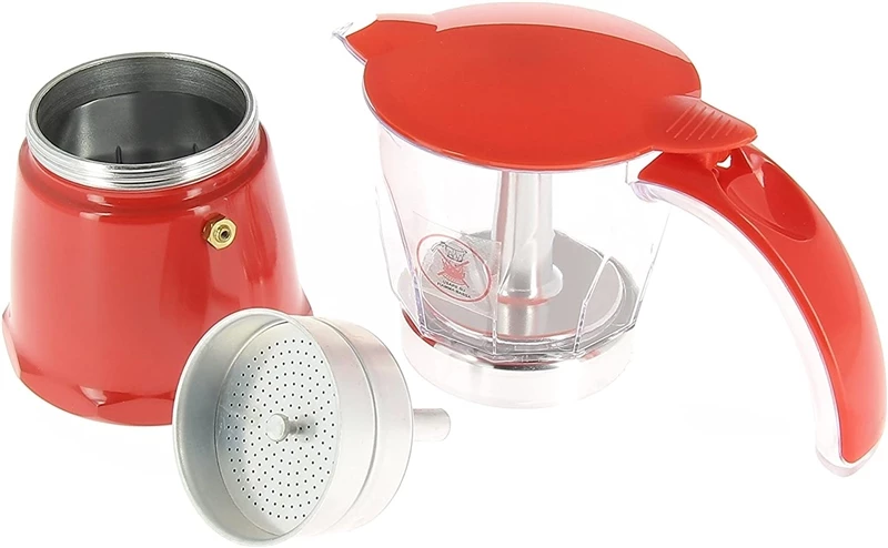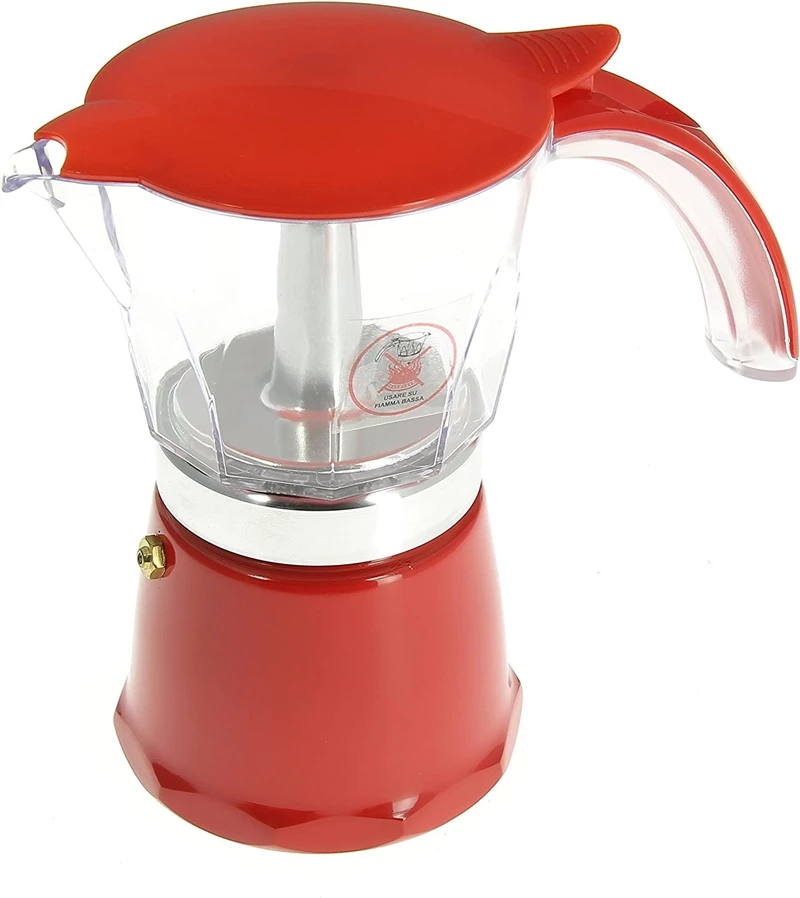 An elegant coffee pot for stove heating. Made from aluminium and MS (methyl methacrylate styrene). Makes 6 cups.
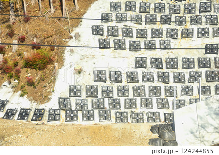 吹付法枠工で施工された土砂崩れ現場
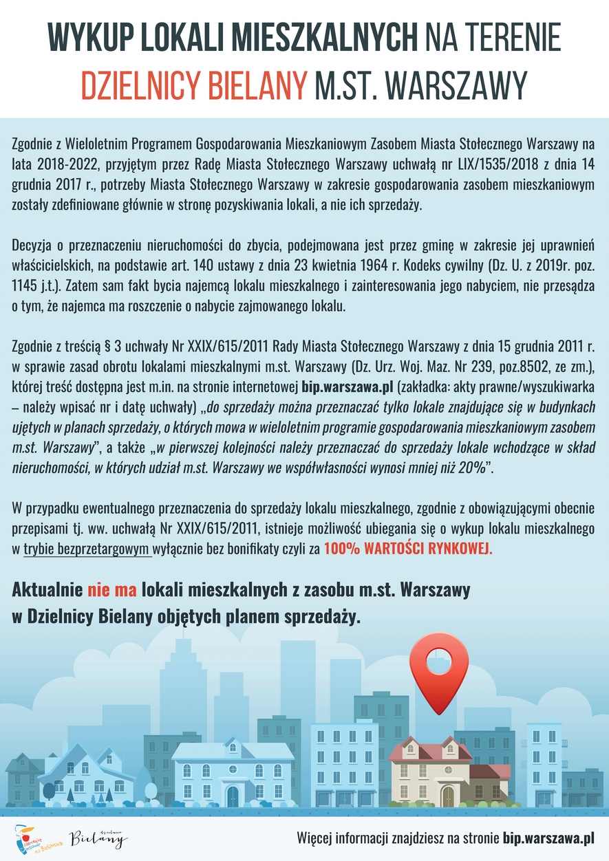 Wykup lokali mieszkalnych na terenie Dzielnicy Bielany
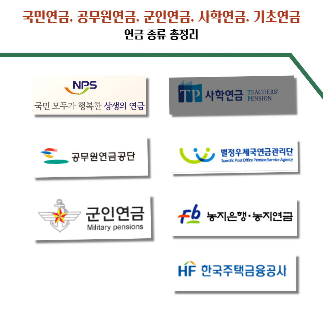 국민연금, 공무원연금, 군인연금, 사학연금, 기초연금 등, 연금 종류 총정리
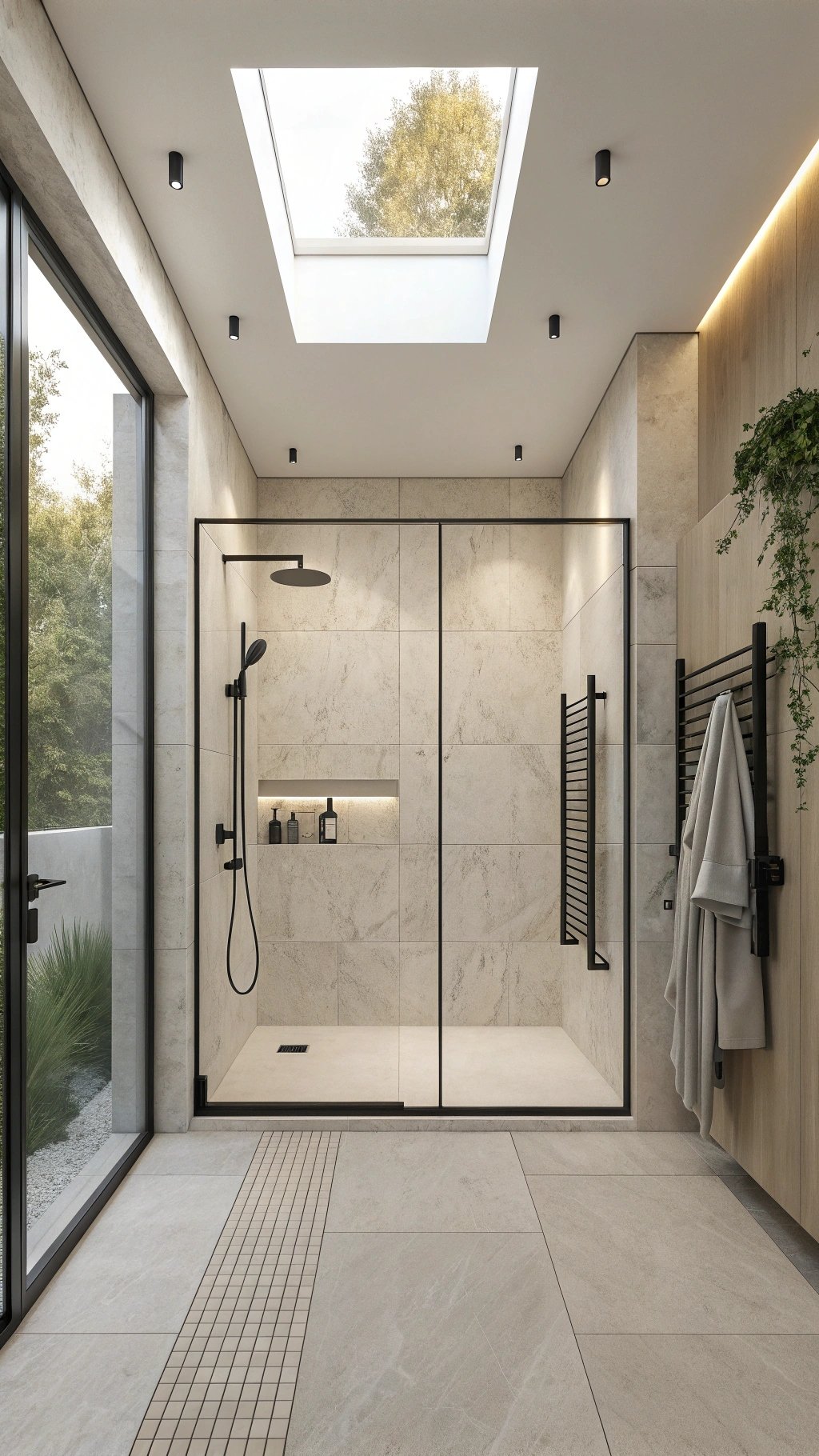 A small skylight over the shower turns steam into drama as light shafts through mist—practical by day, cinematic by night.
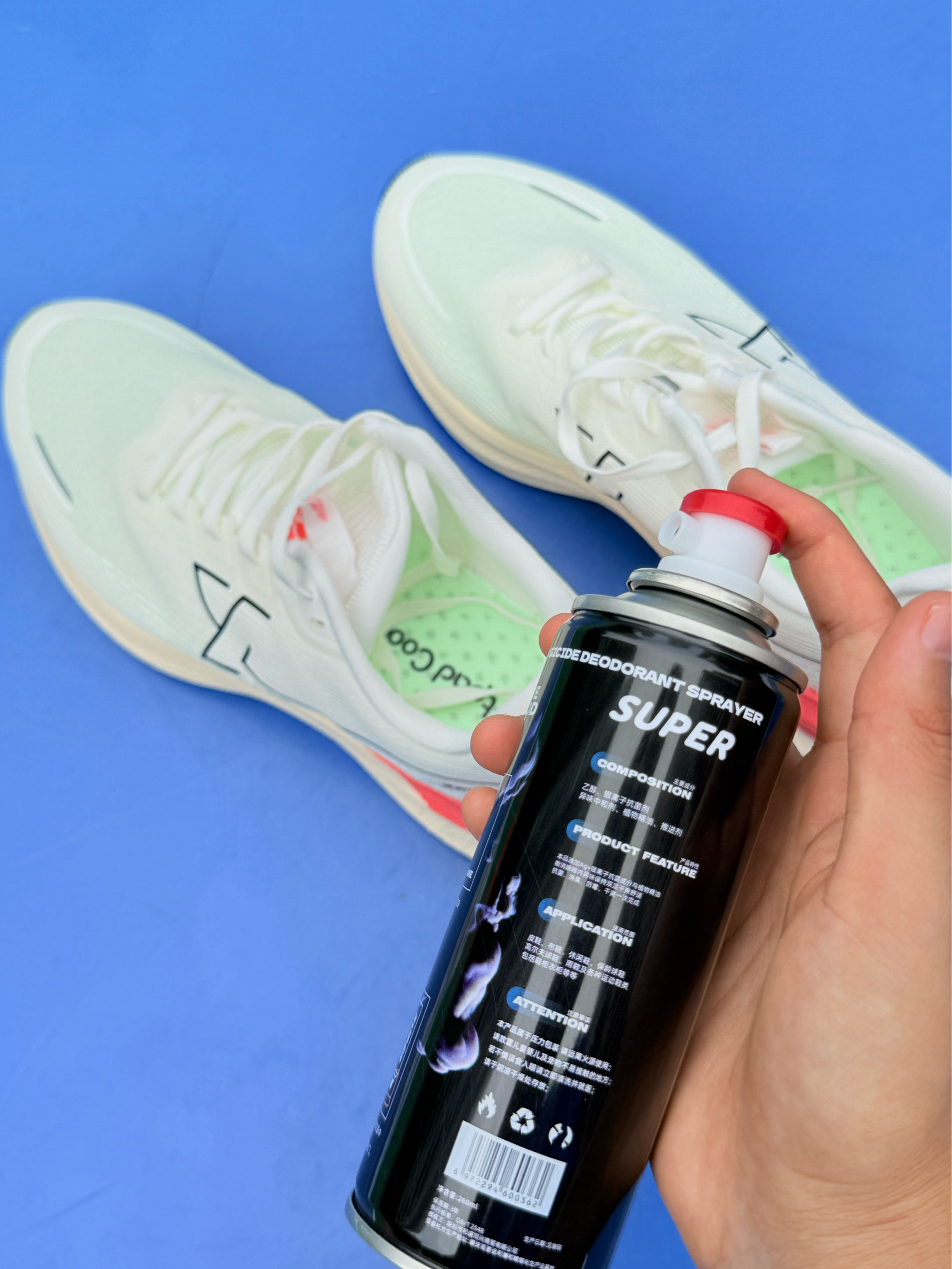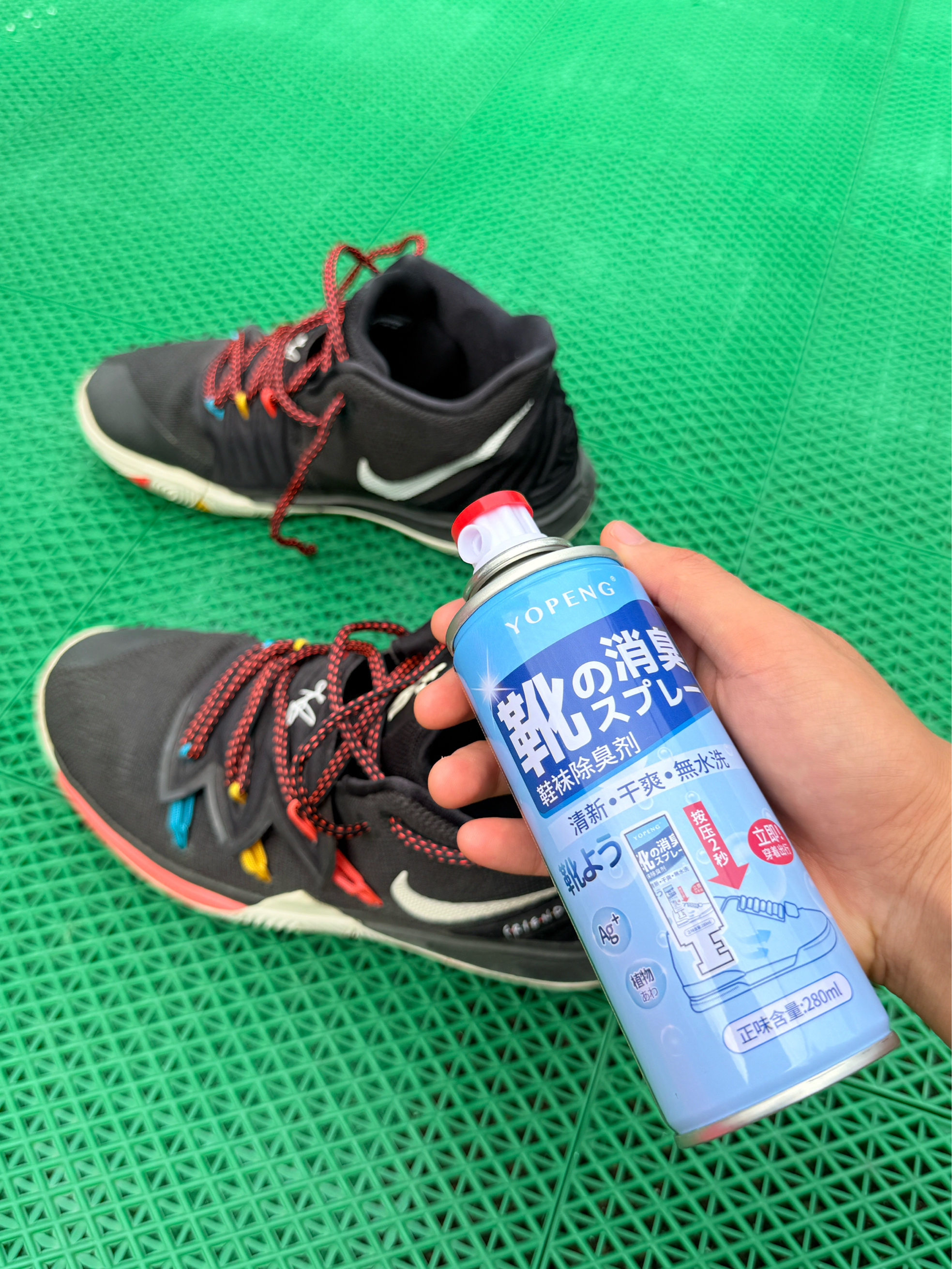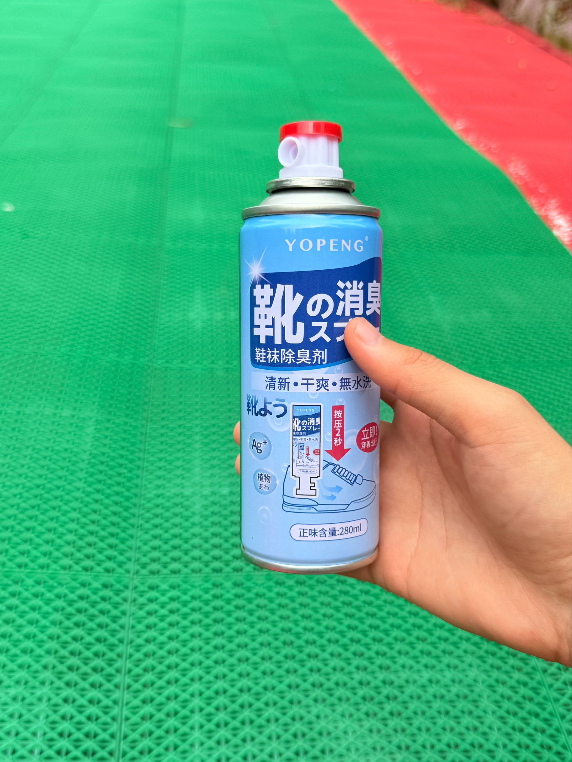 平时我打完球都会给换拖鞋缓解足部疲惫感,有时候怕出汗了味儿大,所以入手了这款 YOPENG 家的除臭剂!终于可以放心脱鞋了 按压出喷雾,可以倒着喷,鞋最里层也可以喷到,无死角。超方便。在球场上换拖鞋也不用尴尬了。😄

__________________________________________________

*What you have to do*.
Your task is to repeat the listing exactly while omitting its pictures.

*Response area*.
 An elegant coffee pot for stove heating. Made from aluminium and MS (methyl methacrylate styrene). Makes 6 cups.
 吹付法枠工で施工された土砂崩れ現場
 Wykup lokali mieszkalnych na terenie Dzielnicy Bielany
 국민연금, 공무원연금, 군인연금, 사학연금, 기초연금 등, 연금 종류 총정리
 A small skylight over the shower turns steam into drama as light shafts through mist—practical by day, cinematic by night.
 平时我打完球都会给换拖鞋缓解足部疲惫感,有时候怕出汗了味儿大,所以入手了这款 YOPENG 家的除臭剂!终于可以放心脱鞋了 按压出喷雾,可以倒着喷,鞋最里层也可以喷到,无死角。超方便。在球场上换拖鞋也不用尴尬了。😄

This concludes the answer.